Comparative example 1
The difference between this comparative example and example 1 is that: the dynamic air pressure is 0.2Mpa, and the pump outlet pressure is 0.12Mpa; and urea is not modified.
Comparative example 2
The difference between this comparative example and example 1 is that: the middle coating layer of the modified urea is only polyvinyl alcohol.
Comparative example 3
The difference between this comparative example and example 1 is that: the shell of the modified urea is acrylamide.
Experimental example 1
The urea after coating the films of examples 1 to 3 and comparative examples 1 to 3 was subjected to detection analysis, and the results are shown in Table 2:
TABLE 2
| Spray coating Rate (%) | Degree of particle regularity | Average intensity (N) |
| Example 1 | 55 | Rules of | 50 |
| Example 2 | 60 | Rules of | 49 |
| Example 3 | 55 | Rules of | 48 |
| Comparative example 1 | 50 | Irregularities | 35 |
| Comparative example 2 | 55 | Irregularities | 30 |
| Comparative example 3 | 55 | Irregularities | 33 |
TABLE 3 cumulative dissolution rate of macrogranular urea coated slow-release fertilizer of EXAMPLE 1
As can be seen from Table 3, the coated urea obtained in example 1 of the present invention has an ultra-long fertilizer efficiency period of up to 5 months, which is mainly benefited by its excellent slow release property.

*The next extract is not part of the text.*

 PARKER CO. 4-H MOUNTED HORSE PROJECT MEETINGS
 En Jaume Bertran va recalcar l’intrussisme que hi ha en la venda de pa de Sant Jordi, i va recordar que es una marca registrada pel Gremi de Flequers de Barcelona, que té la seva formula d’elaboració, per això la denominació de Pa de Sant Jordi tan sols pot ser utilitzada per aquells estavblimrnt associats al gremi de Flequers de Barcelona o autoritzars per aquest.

The above is only a preferred embodiment of the present invention, and is not intended to limit the present invention, but various modifications and variations can be made to the present invention by those skilled in the art. Any modification, equivalent replacement, improvement, etc. made within the spirit and principle of the present invention should be included in the protection scope of the present invention.